Source records:
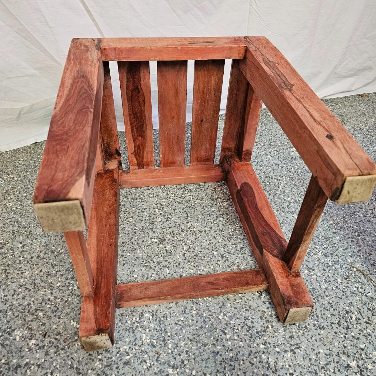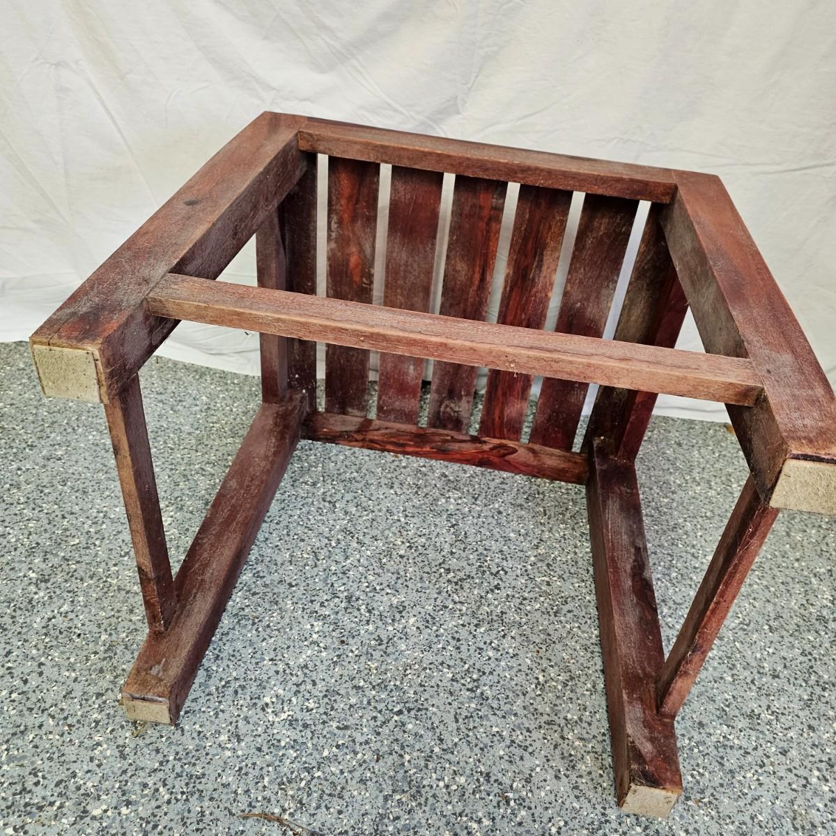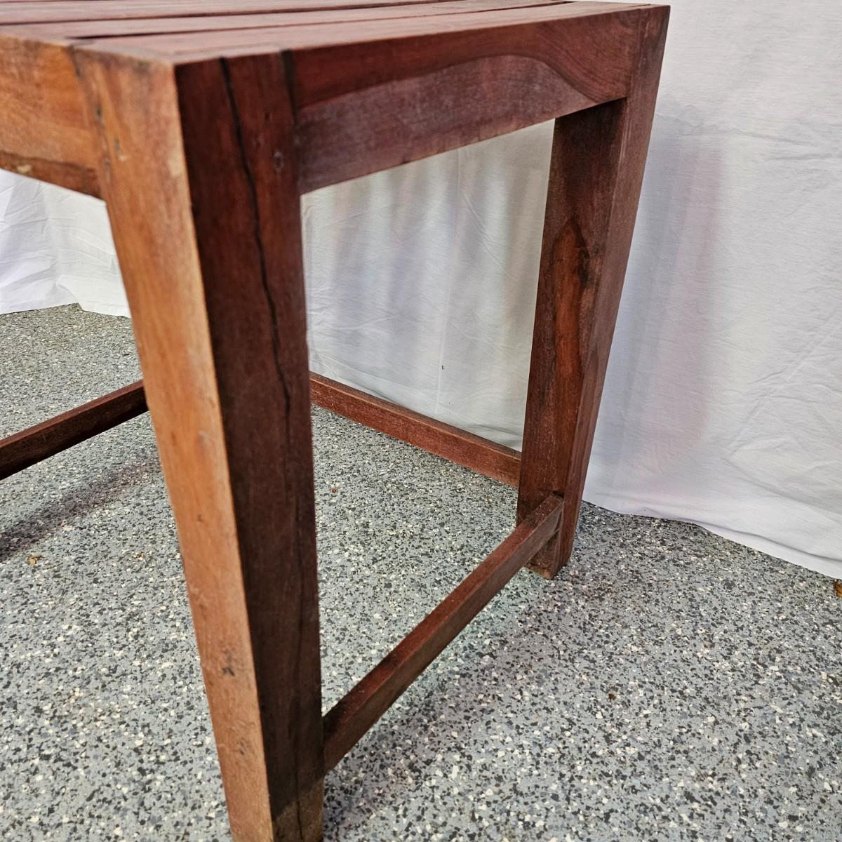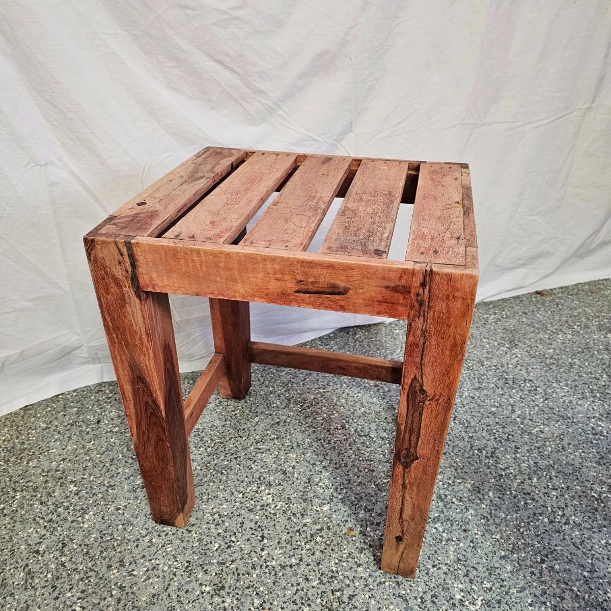 A stacking pair of teak wood end tables. Larger table is 23.5" x 19.5" x 23" h, smaller is 15" x 17" x 20"h. Solid wood, heavy. Some slight blemishes on tops, see photos for details. Local pickup only.
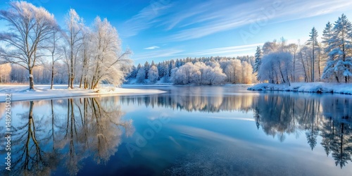 Fototapeta premium Frozen lake in winter forest with bare trees and snow-covered landscape,...
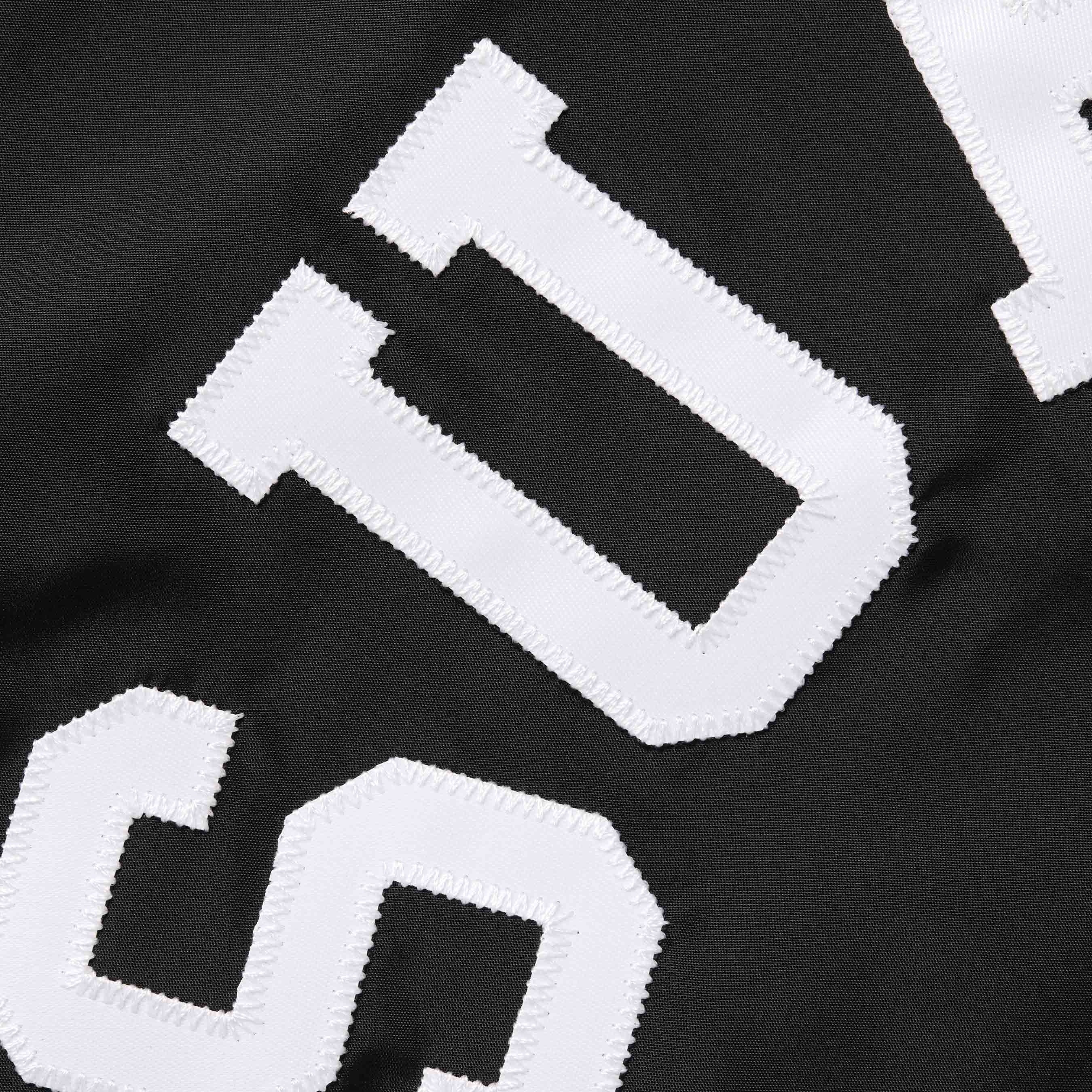 Nylon with cotton jersey lining and taffeta sleeve lining. Snap front closure with welt hand pockets at lower front and interior chest pocket. Interior drawcord at hem and snap closure at cuffs. Embroidered patch on cuff and tackle twill logo appliqué at back. Made exclusively for Supreme.
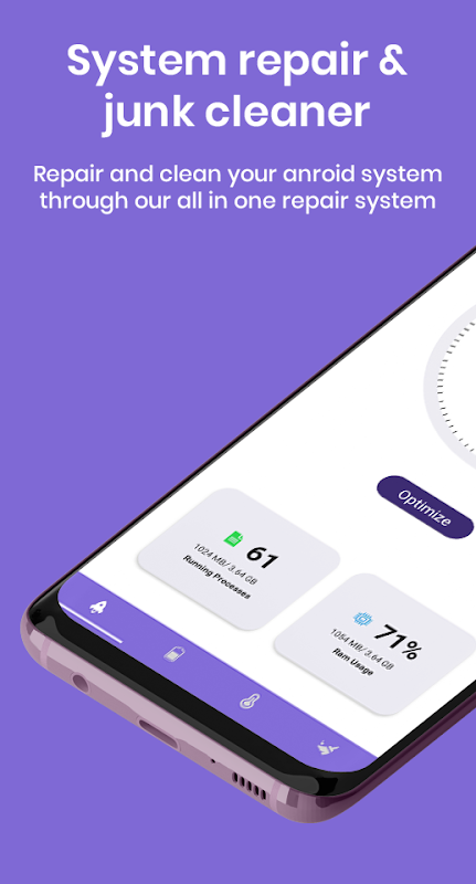 Repair and clean your android system through our all in one Repair System (Fix Android Problems, Speed Booster) app. Optimize your device performance and boost your smart device via this amazing Repair Android System app. Repair your android system and speed up your device with a smooth flow. It is also clean your junk files, optimize battery with a running process or also boost RAM.
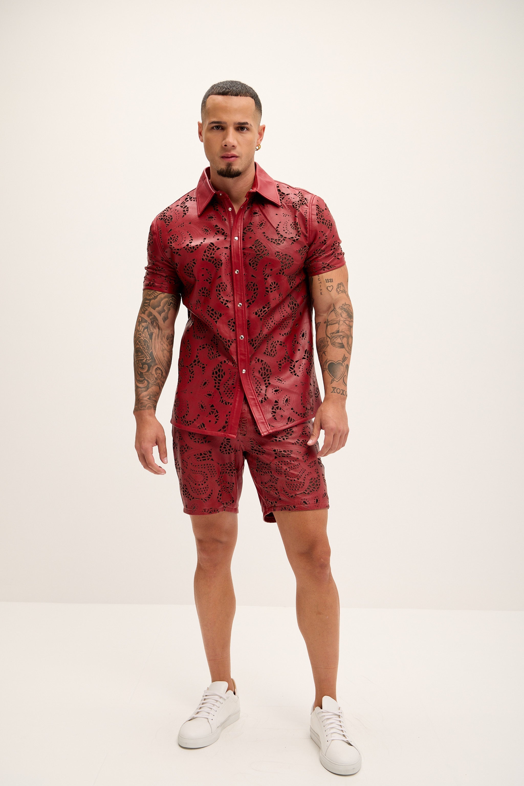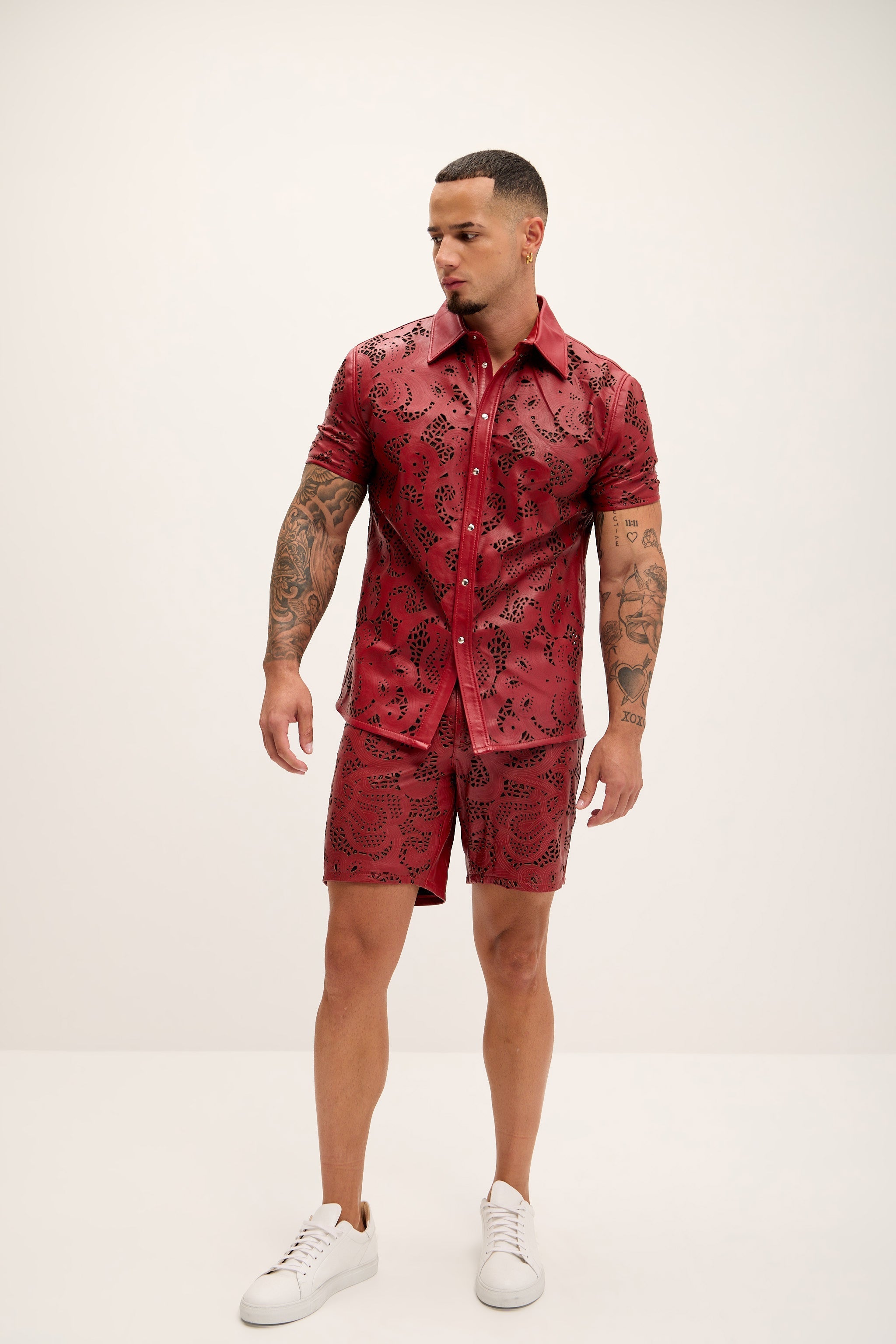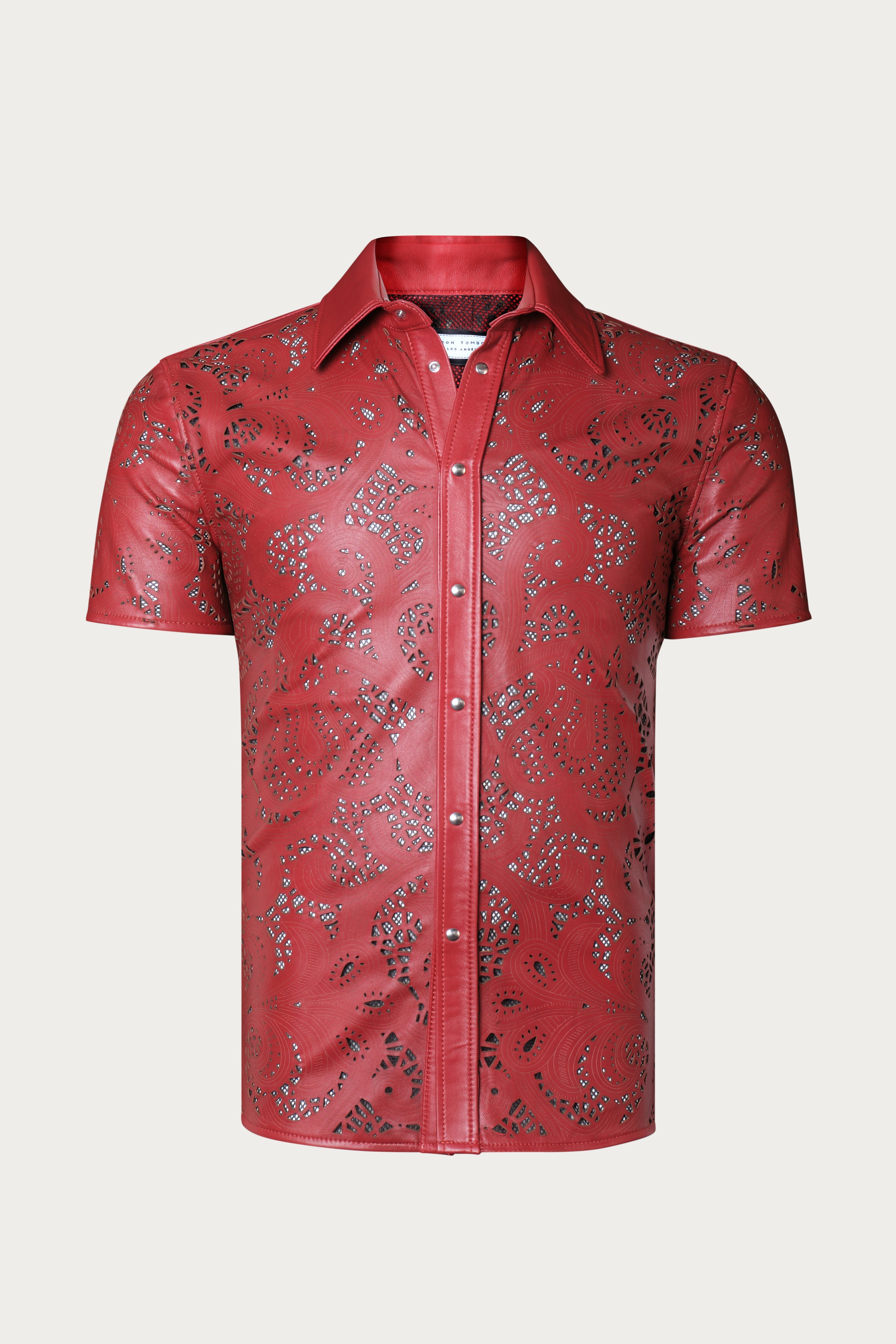 Cut-out Laser Leather Shirt - Red
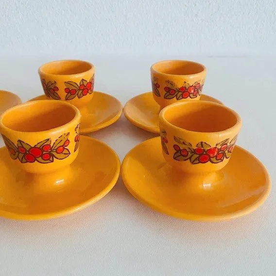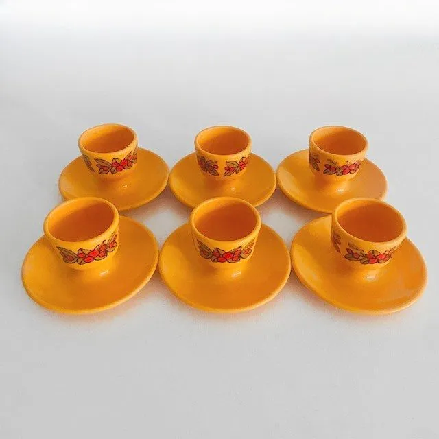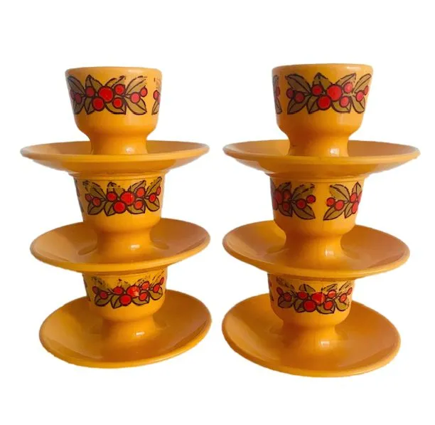 Set van zes retro okergele kunststof eierdopjes van D.B.P. uit de jaren 70.
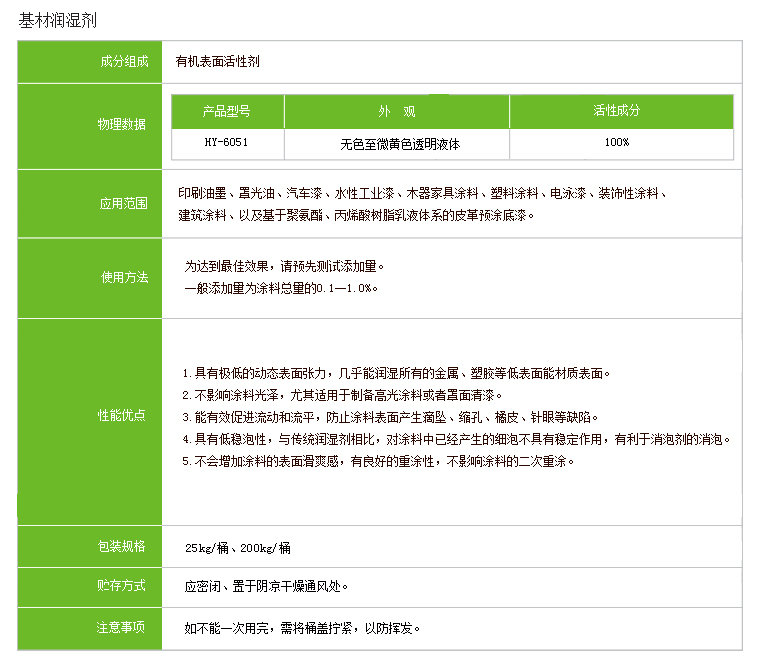 HY-6051基材润湿剂不含有机硅,是一种性能极佳的表面张力改性剂,可以有效降低涂料的表面张力,使涂料对基材的润湿性提高。且具有低起泡性。同时,可以明显改善涂料流平性能、光泽度。

__Brief__.
Only the lines from the first line of the data above through the line with "Fototapeta premium Frozen" should appear in the answer, retyped exactly, with every picture left out.

__Response__.
 A stacking pair of teak wood end tables. Larger table is 23.5" x 19.5" x 23" h, smaller is 15" x 17" x 20"h. Solid wood, heavy. Some slight blemishes on tops, see photos for details. Local pickup only.
 Fototapeta premium Frozen lake in winter forest with bare trees and snow-covered landscape,...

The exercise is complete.